#### Required work:
Wherever pictures occur in the entries below, leave them out and retype the rest exactly.

#### Data provided:
______________________________

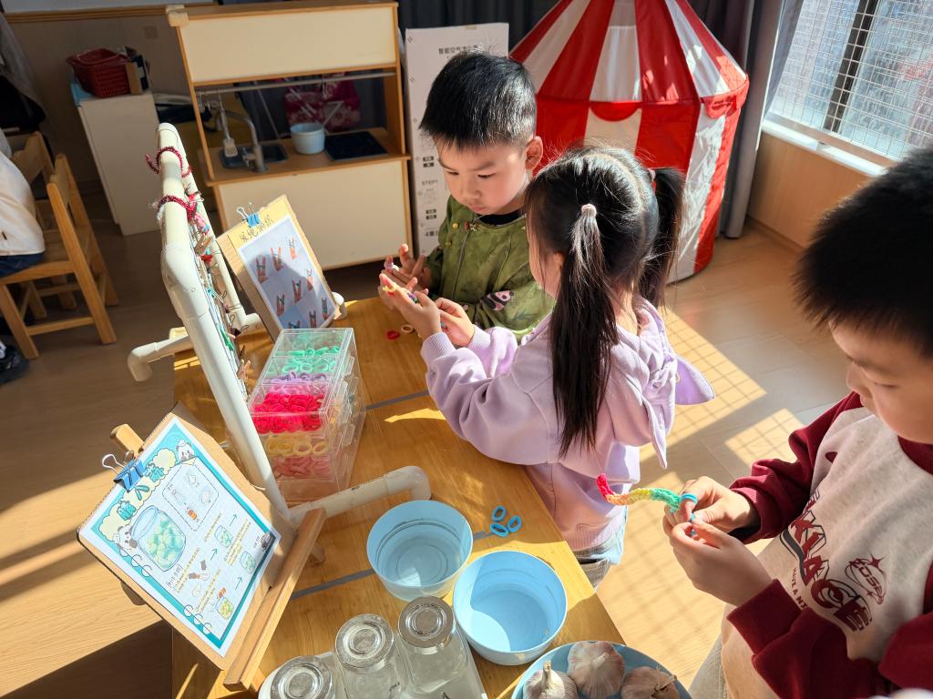 格格正在用绿色和黄色发绳编织,他的手链已经编出约5厘米长。他转头看到瑶瑶面前的发绳,停下手中的动作,身体微微前倾,说:“你看,要像这样把绳子分开。”他伸出左手,将自己的三根发绳分别夹在食指、中指和无名指之间,右手拿起最右边的绳子搭在中间的绳子上,边做边说:“这边的过来,压在中间。”瑶瑶看着格格的动作,也学着将自己的发绳夹在手指间,右手拿起右边的粉色发绳向中间搭去,成功完成了发绳的编织。
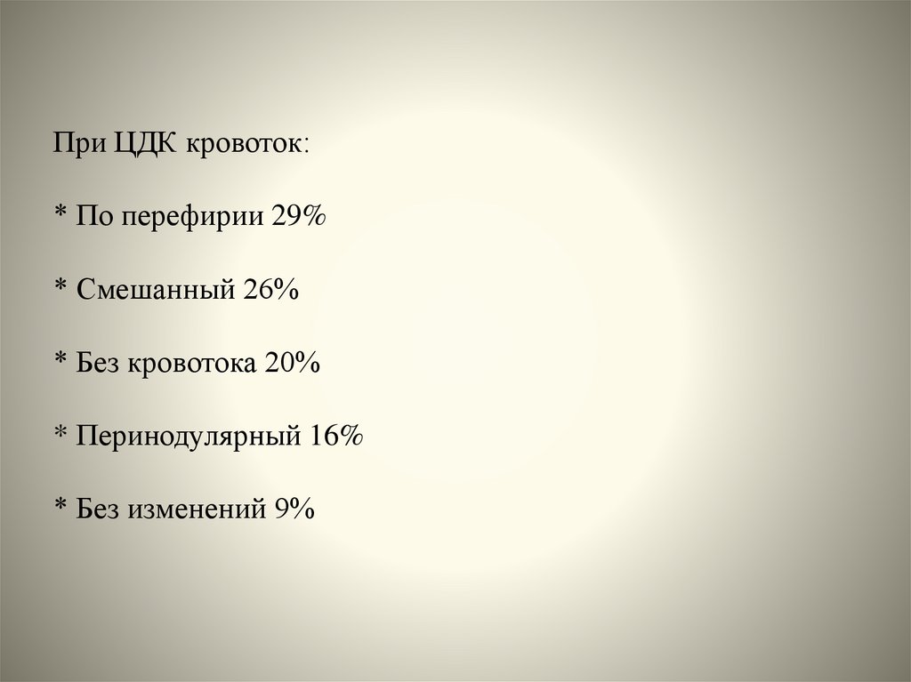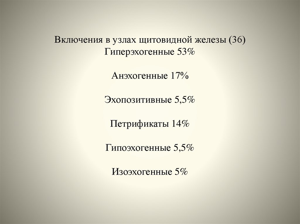 Включения в узлах щитовидной железы (36)Гиперэхогенные 53%
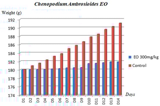 The parameters determined during the observation period for the duration of 14 days showed that at the dose 300 mg/kg, the rats treated with the essential oil of Chenopodium ambrosioides manifested signs of sedation; their movements were reduced during the first hours after injection but they did not present a staggering gait or contractions.
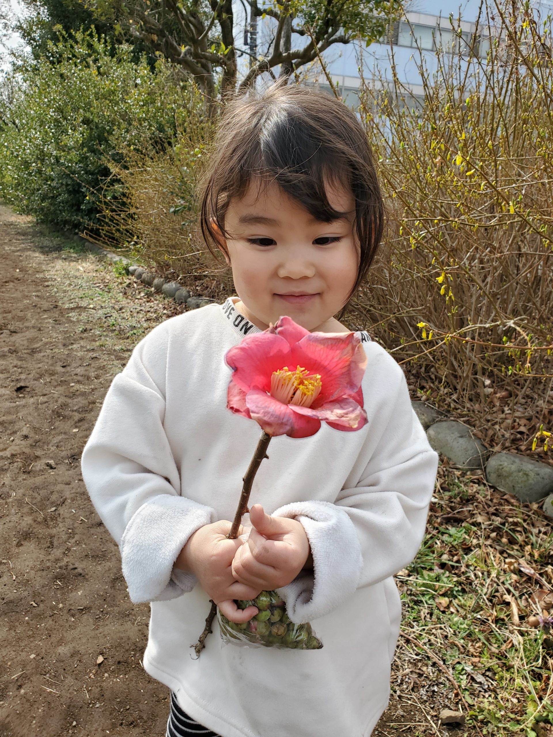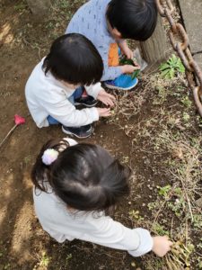 今日は園の近くの(通称)トトロ道にお散歩に出かけました。やわらかな日差しの中で、ちょっとした原っぱに寝っ転がってみたり、木のトンネルの中を行き来したり、中には一度は散った花を小枝に付けて、こ~んな素敵によみがえらせている子どももいました✨子どもたちの豊かな発想が光っていました。
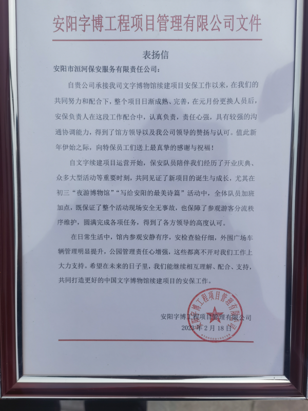 表揚信中寫道,自文字續(xù)建項目運營開始,公司駐點全體安保隊員認真負責,盡心盡力做好文字博物館的安保及外圍公園管理治安秩序維護工作。尤其是在大型活動期間,全體安保人員履職盡責,堅持安全第一,既保證了活動現(xiàn)場安全無事故,也保障了參觀游客分流秩序維護,圓滿完成各項任務,得到各方領(lǐng)導的高度認可。
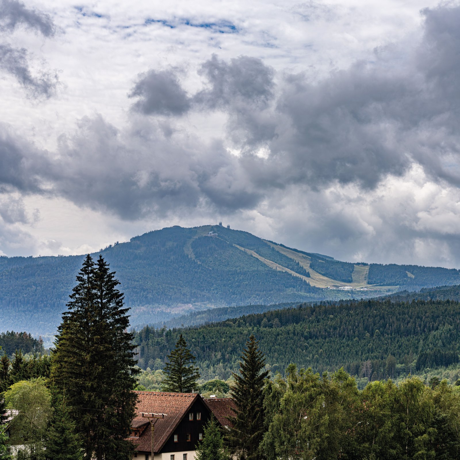 Německy Grosser Arber – nejvyšší hora Šumavy v Německu v Bavorsku, 1456 m n.m. Na svahu Velké a Malé Javorské jezero.

______________________________

#### Task output:
 格格正在用绿色和黄色发绳编织,他的手链已经编出约5厘米长。他转头看到瑶瑶面前的发绳,停下手中的动作,身体微微前倾,说:“你看,要像这样把绳子分开。”他伸出左手,将自己的三根发绳分别夹在食指、中指和无名指之间,右手拿起最右边的绳子搭在中间的绳子上,边做边说:“这边的过来,压在中间。”瑶瑶看着格格的动作,也学着将自己的发绳夹在手指间,右手拿起右边的粉色发绳向中间搭去,成功完成了发绳的编织。
 Включения в узлах щитовидной железы (36)Гиперэхогенные 53%
 The parameters determined during the observation period for the duration of 14 days showed that at the dose 300 mg/kg, the rats treated with the essential oil of Chenopodium ambrosioides manifested signs of sedation; their movements were reduced during the first hours after injection but they did not present a staggering gait or contractions.
 今日は園の近くの(通称)トトロ道にお散歩に出かけました。やわらかな日差しの中で、ちょっとした原っぱに寝っ転がってみたり、木のトンネルの中を行き来したり、中には一度は散った花を小枝に付けて、こ~んな素敵によみがえらせている子どももいました✨子どもたちの豊かな発想が光っていました。
 表揚信中寫道,自文字續(xù)建項目運營開始,公司駐點全體安保隊員認真負責,盡心盡力做好文字博物館的安保及外圍公園管理治安秩序維護工作。尤其是在大型活動期間,全體安保人員履職盡責,堅持安全第一,既保證了活動現(xiàn)場安全無事故,也保障了參觀游客分流秩序維護,圓滿完成各項任務,得到各方領(lǐng)導的高度認可。
 Německy Grosser Arber – nejvyšší hora Šumavy v Německu v Bavorsku, 1456 m n.m. Na svahu Velké a Malé Javorské jezero.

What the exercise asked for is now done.